​With Fabricoil™, Sculptor Cliff Garten Brings Out the ‘Heart’ of a Vibrant L.A. Neighborhood

Architizer Editors

Koreatown in Los Angeles offers a lot more than most traditional ethnic enclaves: it’s one of the biggest, densest, and most diverse areas in a city often criticized for sprawl and segregation. Challenging this popular conception of L.A., high rises and eclectic businesses line Koreatown’s walkable main corridors. Meanwhile, historic Art Deco apartments pack side streets, housing the wide array of residents, including Latino families, single young professionals, and of course, the largest Korean population in North America.

© Jeremy Green


“Los Angeles Opens Its Heart of Compassion” ©Cliff Garten Studio/Photography by Jeremy Green.

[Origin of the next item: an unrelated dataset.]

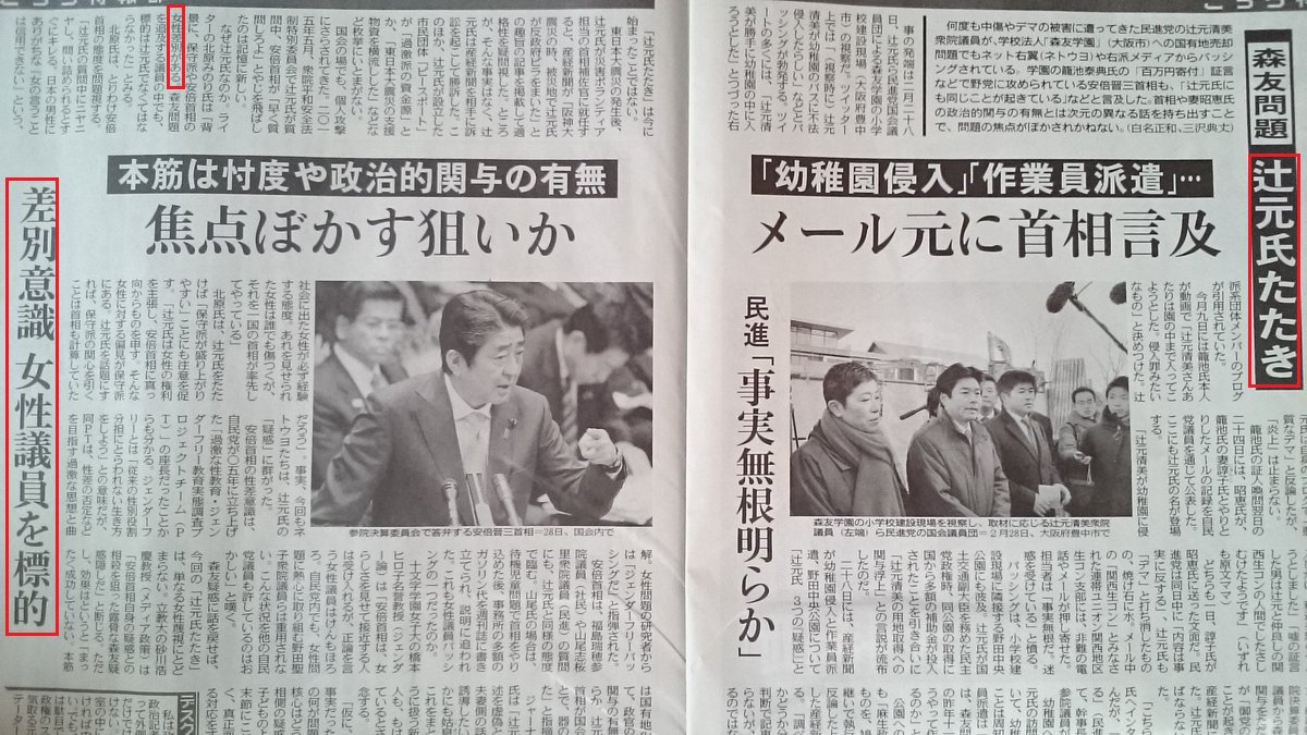 【画像】 東京新聞「辻元タタキは女性差別!」 (※画像あり)

The Vermont, a luxury high rise of 464 apartments at the central intersection of Vermont and Wilshire Boulevard, has helped add to the district’s density and skyline. But in order to bring a complementary element to street level, developers turned to renowned L.A. sculptor Cliff Garten. For inspiration, Garten considered traditional Korean art, the diversity of the area, and, as he put it, “this overriding idea that Los Angeles is a city which is changing all the time. Like Baudelaire said, ‘This city changes faster than a beating heart,’ and that’s really true of L.A.”

The Vermont has a very clear view of L.A.’s changing landscape as its main pavilion lies directly across from an L.A. Metro subway station, which promises in coming years to connect several West Side neighborhoods to Koreatown and Downtown in a way never before possible. For an area looking past L.A.’s auto-centric stereotypes, Garten’s design fittingly transforms the Vermont’s parking structure into an engaging, multilayered work that celebrates diversity and the city’s forward momentum.


“Los Angeles Opens Its Heart of Compassion” ©Cliff Garten Studio/Photography by Jeremy Green.

Garten’s sculpture features a Fabricoil™coiled wire fabric system covering the parking garage and affixed with silver anodized line drawings of lotus petals. This façade creates a transparent background for the centerpiece sculpture, a three-dimensional aluminum lotus flower suspended 20 feet in the air. Because the Lotus is a fixture of Korean art and a symbol for the heart of compassion in certain meditations, Garten saw the combination of sculpture and façade as a representation for the area’s converging elements. “There are all of these overlapping cultures coming together all of the time that make Los Angeles,” he says — hence the title, “Los Angeles Opens Its Heart of Compassion.”

Out of the many finishes and materials available through Fabricoil, “Heart” utilizes a 5/16″ 14 gauge aluminum coiled wire fabric with a clear anodized finish and Clamp engineered attachment system. Garten was drawn to this particular system for its transparency, flexibility, and ability to capture light. The façade he designed curves both away from and toward the parking structure, letting the architecture behind it remain visible while also creating different shadows and depths depending on the time of day. After dark, LED lights turn the wire fabric into a pulsating canvas of alternating complementary colors, while the central Lotus is a constant, contrasting white.

© Jeremy Green


“Los Angeles Opens Its Heart of Compassion” ©Cliff Garten Studio/Photography by Jeremy Green.

“It’s that mishmash and overlapping of styles and concepts that makes the city,” Garten relates. “I think that’s the important thing about ‘Los Angeles Opens Its Heart of Compassion’ — it’s a complete understanding of this urban context and a sculptural projection into the architecture and the urban environment of this idea of overlapping and colliding cultures.”

Fabricoil’s available customizations also made it possible for Garten to deal with a more practical aspect of this corner in Koreatown: its scale. As he puts it, he had to address “one of the biggest scales in L.A., besides maybe Wilshire and Westwood or Downtown. So, it could take this big image, and the building needed that to actually compete with the rest of the urban context.” While some architects find traditional woven-metal systems cost-prohibitive for even small projects, like delineating interior spaces, Fabricoil offers an affordable solution for projects even of this size.

© Jeremy Green


“Los Angeles Opens Its Heart of Compassion” ©Cliff Garten Studio/Photography by Jeremy Green.

With a vast range of sizes and materials, Fabricoil can provide solutions to meet everything from practical ventilation to grand, artistic visions like Garten’s. Its versatility and malleability helped the artist bring his vision to life and played a part in what he likes about his fascinating addition to this evolving neighborhood: “I like the ability of the sculpture to kind of absorb everything. It absorbs the light, it absorbs the architecture, it absorbs the activity from the street consciously … It’s permeable, which again is a reference to the big permeable sponge that is L.A., where neighborhoods contract and expand according to economics and social change.”